Crisis? What crisis?

Repeat after me: I will not let your lack of planning become my crisis. Keith Mitchell at PIPEX taught me this.——Bill Thompson

I don’t care about downtime nearly so much as I care about data loss, so, from my point of view, I’m pretty happy with the outcome of the Amazon Web Services problems last week.

To recap: Amazon AWS services hosted in Virginia suffered connectivity problems which weren’t fully resolved for several days. This affected a number of large sites, such as Reddit, and the hosting platform Heroku.

The reasons for using AWS instead of dedicated hosting are still valid: it’s quick, easy, and cheap to provision servers and storage because it’s an anonymous, automated system. Of course, those advantages turn to disadvantages when something goes wrong: it’s still an anonymous automated system that doesn’t really tell you much about what’s going wrong or when it’s going to be fixed.

But you know what? I think that’s OK. Computer systems fail, sometimes catastrophically. Hardware breaks. The only reason anyone noticed the Amazon outage is that it affected a large number of sites simultaneously. Running your own systems may make it easier to find someone to blame when they go down, and to nag while they try to fix it, but would it really be better? Can you hire the networking and database expertise you’d need at the price you’re willing to pay? Can you set up a multiple-location backup system that actually works?
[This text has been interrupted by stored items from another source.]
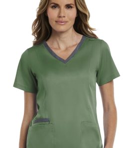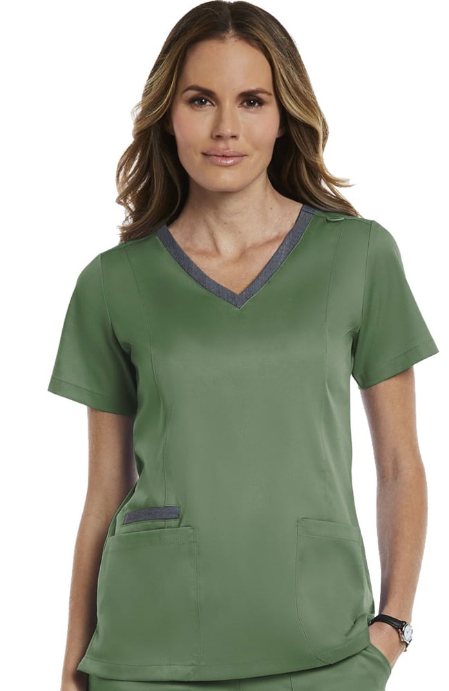 Upgrade your scrubs with this Matrix by Maevn Women’s Contrast Double V-Neck Solid Scrub Top. An edgy double v-neckline is further enhanced with contrasting color.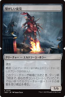 このクリーチャーが戦場に出たとき、ターン終了時まで、あなたがコントロールしていてこれでないすべてのクリーチャーは+1/+0の修整を受け威迫を得る。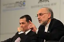 On 13 December 2010, Ahmadinejad dismissed Manouchehr Mottaki for unknown reasons and appointed Salehi in an acting capacity.[14] On 23 January 2011, Ahmadinejad nominated Salehi to become foreign minister. The Iranian Parliament voted him on 30 January and he became the foreign minister of Iran, gaining 146 positive votes.[15] The European Union and the Treasury of the United Kingdom had put Salehi into the sanction list as an asset freeze target on 18 November 2009 due to his previous involvement in Iran's nuclear programme.[16] The EU waived this designation when he became foreign minister in 2010.[17] His term as foreign minister ended on 15 August 2013 when Mohammad Javad Zarif took the position in the elected President Hassan Rouhani's government.[18] A day after, Rouhani appointed Salehi as head of Atomic Energy Organization for a second time on 16 August 2013.[8][18] Salehi replaced Fereydoon Abbasi in the post.[19]
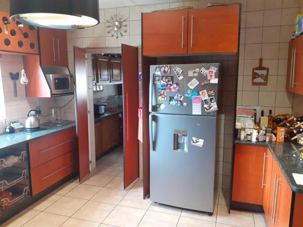 4 Bedrooms (3 En-Suites), Open plan Kitchen with a scullery and pantry. The Spacious dining room have a built-in bar. A separate playroom for the kids. A lapa overlooking the swimming pool and well maintained garden.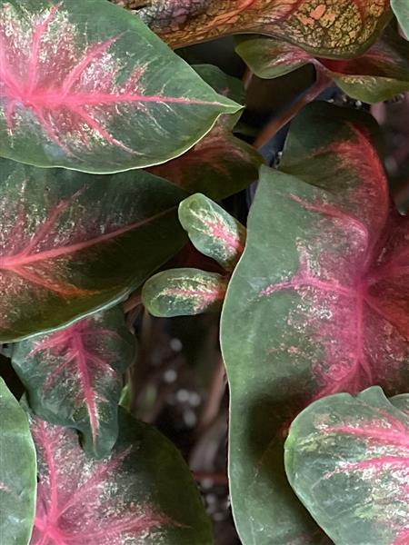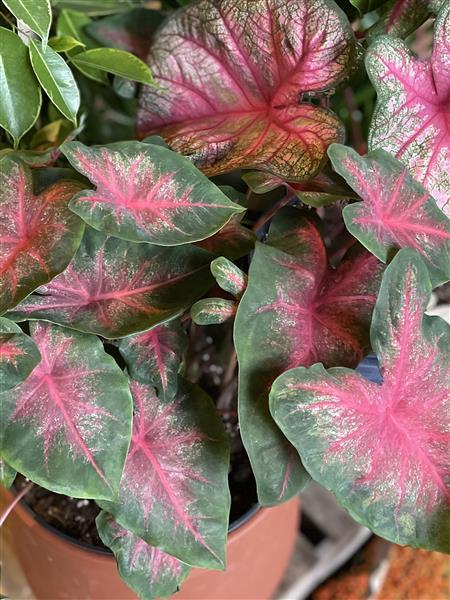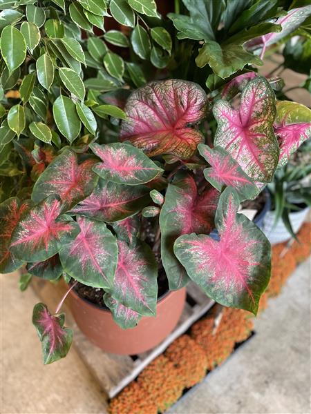 A stunning large caladium with striking colourful foliage. Native to South & Central America, this beautiful houseplant will love a well lit room out of direct sunlight & avoiding any draughts.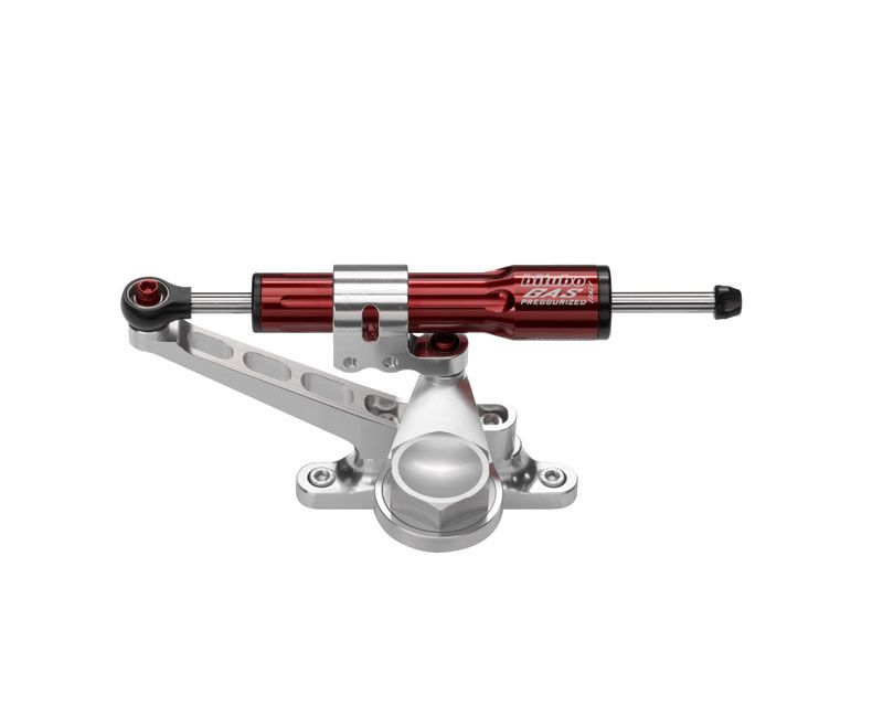 Amortiguador de dirección bitubo con anclajes fabricados aluminio mecanizado. Cámara de compensación coaxial presurizada con nitrógeno. 18 clics de ajuste para una calibración precisa.
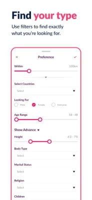 Customizable Search Filters: Use filters like age, location, marital status, religion, sexualities and more to find the perfect match.
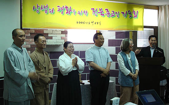 이날 기도회는 상생과 평화를 기원하는 자리인 만큼 전북지역 5개 종단 종교인 30여명이 참석해 각 종단의 의식을 존중하며 함께 기도를 올렸다. 개신교 이강실 목사, 불교 석문 스님, 원불교 최정안 교무, 천도교 일포 이우원 선도사, 천주교 권이복 신부 등 공동대표단이 기도식을 진행했다.

A sense of perspective is important here. We’re talking about hosting websites, not brain surgery or moon landings. No one’s dying. People overreact, it may be a bit embarrassing, and it’s not nice to be the target of frothy-mouthed panic from jittery middle managers, but that’s not really critical. If you didn’t have a continuity plan a week ago, then you didn’t think the service was that important. As the quote above says, your lack of planning is not my crisis.

The worst possible outcome of the AWS downtime would be a reactionary exodus from AWS to another hosting platform that hasn’t failed yet. It won’t be any better.

Now, you might complain that Amazon said that this outage wouldn’t happen, so you didn’t plan for it. Have you planned for nuclear strikes on the eastern seaboard of the United States of America? If you have, then congratulations: the AWS outage probably didn’t affect you. If you haven’t, then you implicitly accepted the risk of downtime. In most cases, that’s the rational choice, but it’s also an acceptance of the fact that your website is not critical.

Amazon’s recent outage affected connectivity to virtual servers on the US east coast, and, by extension, RDS, their hosted database service. One of the interesting features of RDS is that it provides automated snapshots of the database at daily intervals. During the downtime, anyone using an affected RDS database was able to create a new working database instance from the last snapshot with two or three mouse clicks. Far from being a failure, that’s actually a remarkably resilient system, and a quality of backup far better than most people would manage running their own database servers. However, given the potential loss of up to 24 hours’ data, or the difficulty of re-integrating the data from that period later, I suspect that many people would have chosen simply to wait for connectivity to be restored. That’s an acknowledgement that preserving data is more important than uptime.

Take fright at ‘the cloud’ if you will. Run back to traditional hosting providers. Pay them lots of money. Wait days for them to rack up servers. Fill in change requests in Word documents whenever you want to do something. Make sure that they set up regular off-site backups of your databases and storage. Ensure that those backups work. And then, next time Amazon goes down, you’ll be safe. But don’t fool yourself that you won’t have downtime, or that it will be any easier or more reliable.

There are ways to architect applications for high availability, but they come with costs and trade-offs of their own. It’s your choice.